The only real questions concerned the detail of what the Chancellor would do. Which taxes would be affected? Will they rise now or in the future? Would tax rates rise? Would the focus be on freezing thresholds? How much pain would there be? Who would bear the brunt?
And, most importantly, would it work?
- Public finances
- Personal tax
- Business tax
- National Living Wage, Energy and Pensions
Addressing the Office for Budget Responsibility’s (OBR) economic forecasts, the Chancellor said that the economy is now in recession and is expected to shrink by 1.4 per cent in 2023/24 before growing in 2024/25.
Meanwhile, he said unemployment is expected to rise to 4.9 per cent in 2024, up from 3.6 per cent now, before falling to 4.1 per cent the next year.
Borrowing this year stands at 7.1 per cent of GDP, according to the OBR. Debt as a percentage of GDP is expected to peak at 97.6 per cent in 2025/26 before falling to 97.3 per cent in 2027/28.
Beginning with personal tax, the Chancellor said that the threshold for the additional 45p rate of Income Tax will fall from £150,000 to £125,140 from April 2023.
At the same time, National Insurance, Inheritance Tax and Income Tax thresholds and Allowances will be frozen at their current levels for a further two years to 2028.
He said the Dividend Tax Allowance will fall from its current level of £2,000 to £1,000 in 2023/24 and then to £500 in 2024/25.
Turning to Capital Gains Tax, the Chancellor said the current Annual Exempt Amount will fall from £12,300 to £6,000 in 2023/24 and then to £3,000 in 2024/25.
He then turned his sights to electric vehicles, saying that a road tax will apply to them from 2025.
Finally, on personal tax measures, he said that the Stamp Duty Land Tax (SDLT) cuts announced by his predecessor, Kwasi Kwarteng, in September 2022 will end on 31 March 2025 and will not be permanent.
Turning to business taxes, the Chancellor said he would reduce the enhanced deduction rate for Research & Development (R&D) Tax Relief for SMEs from 130 per cent to 86 per cent of qualifying expenditure from April 2023. The tax credit for loss-making SMEs will fall from 14.5 per cent to 10 per cent.
On Business Rates, he said that the revaluation exercise will go ahead as planned in April 2023. £13.6 billion of support will be provided over five years to help businesses transition to the new bills.
He said the Business Rates multipliers will be frozen in 2023/24 and there will be extended and increased relief for businesses in the retail, hospitality and leisure sectors. That relief will increase to 75 per cent.
The National Insurance Secondary Threshold will remain at £9,100 until April 2028.
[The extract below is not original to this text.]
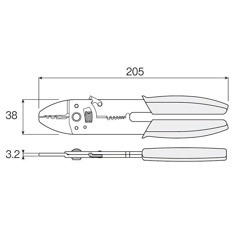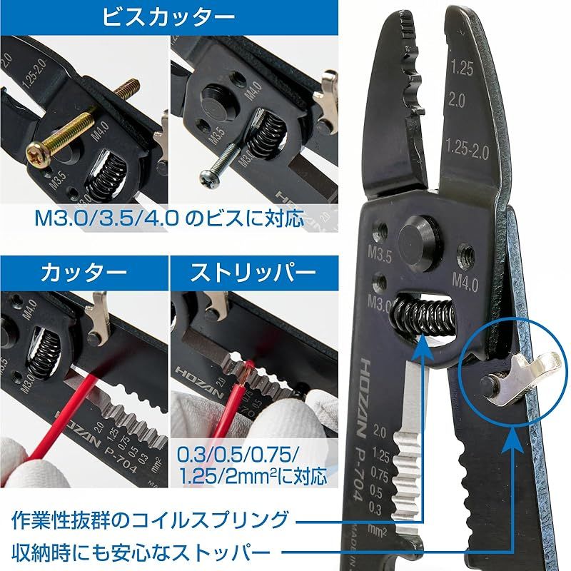 【商品概要】 3種の端子を圧着可能。裸圧着端子・絶縁被覆付圧着端子:1.25/2に対応。絶縁閉端子:CE1/2に対応。 カッター・ビスカッター付き。M3.0/3.5/4.0のビスに対応。 高精度研磨加工のワイヤーストリッパー付き。0.3/0.5/0.75/1.25/2mm^2に対応。 収納時にも安心なストッパー付き。連続作業にも疲れを感じさせないコイルバネを装備。 握りやすく、滑りにくいエラストマーグリップを採用。長時間の作業でも疲れを感じさせません。さらに、環境にも配慮したRoHS対応。
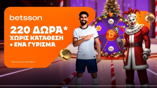 Betsson: Μια ξεχωριστή προσφορά με 220 δώρα* χωρίς κατάθεση + ένα Γύρισμα στον τροχό

National Living Wage, Energy and Pensions
Turning to the National Living Wage (NLW) and National Minimum Wage (NMW), the Chancellor announced he would increase the rates for those aged 23 and over by 9.7 per cent to £10.42 an hour from 1 April 2023.
Meanwhile, the rate of NMW for those aged 21 and 22, 18 to 20, and 16 and 17 will rise to £10.18, £7.49, and £5.28 an hour respectively. The apprentice rate will also rise to £5.28 an hour.
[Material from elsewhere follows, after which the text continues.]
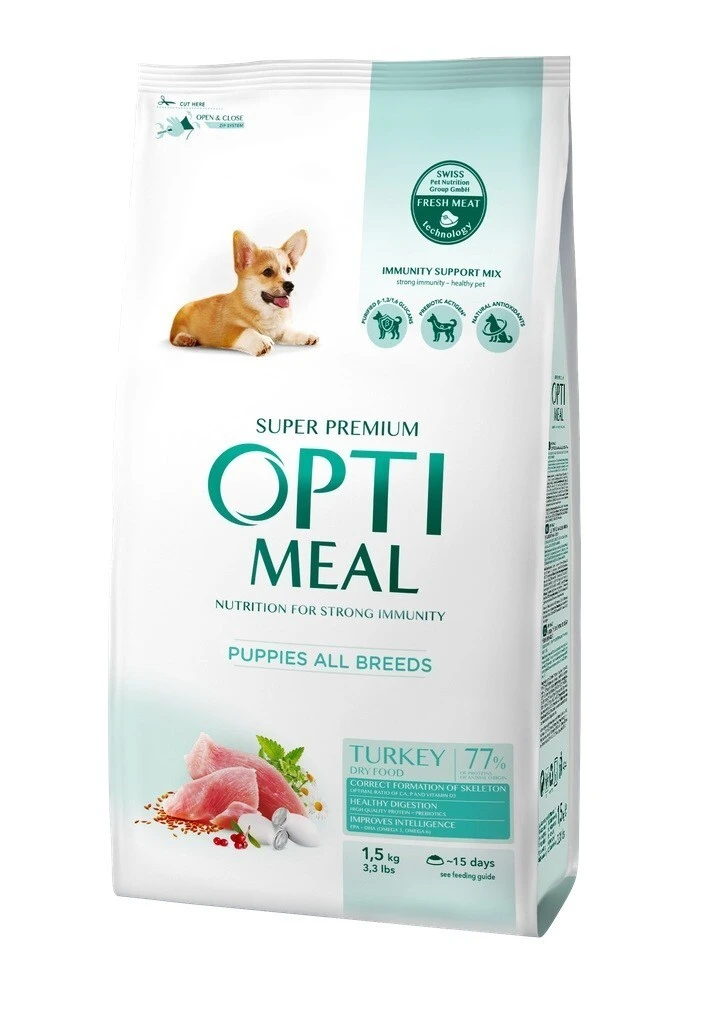 Повнораціонний сухий корм для цуценят усіх порід – індичка

Moving to address energy costs, the Chancellor said the current Energy Price Guarantee (EPG) will remain in place until April 2023, limiting typical energy bills to £2,500 per year. From April 2023, the EPG will rise to £3,000 for the typical household.
Concluding his speech with pensions, the Chancellor said that the State Pension Triple Lock will remain in place, meaning the State Pension will rise in April 2023 in line with September 2022’s rate of CPI – 10.1 per cent.
The economy is a complex and dynamic system, and there are limits to what can be known about how it will respond to any particular intervention – it is the sum of the ever-changing actions of millions of individuals.
What is more, the Chancellor only has his hands on some of the levers of economic influence, not all of them, and moving one of the levers he controls can stop him from moving another.
Mr Hunt will be hoping he has pulled the right levers by the right amount and that the factors out of his control move in the direction he wants them to.
For businesses and business owners, the impact of the changes is likely to vary considerably and a renewed focus on tax planning is likely to be needed.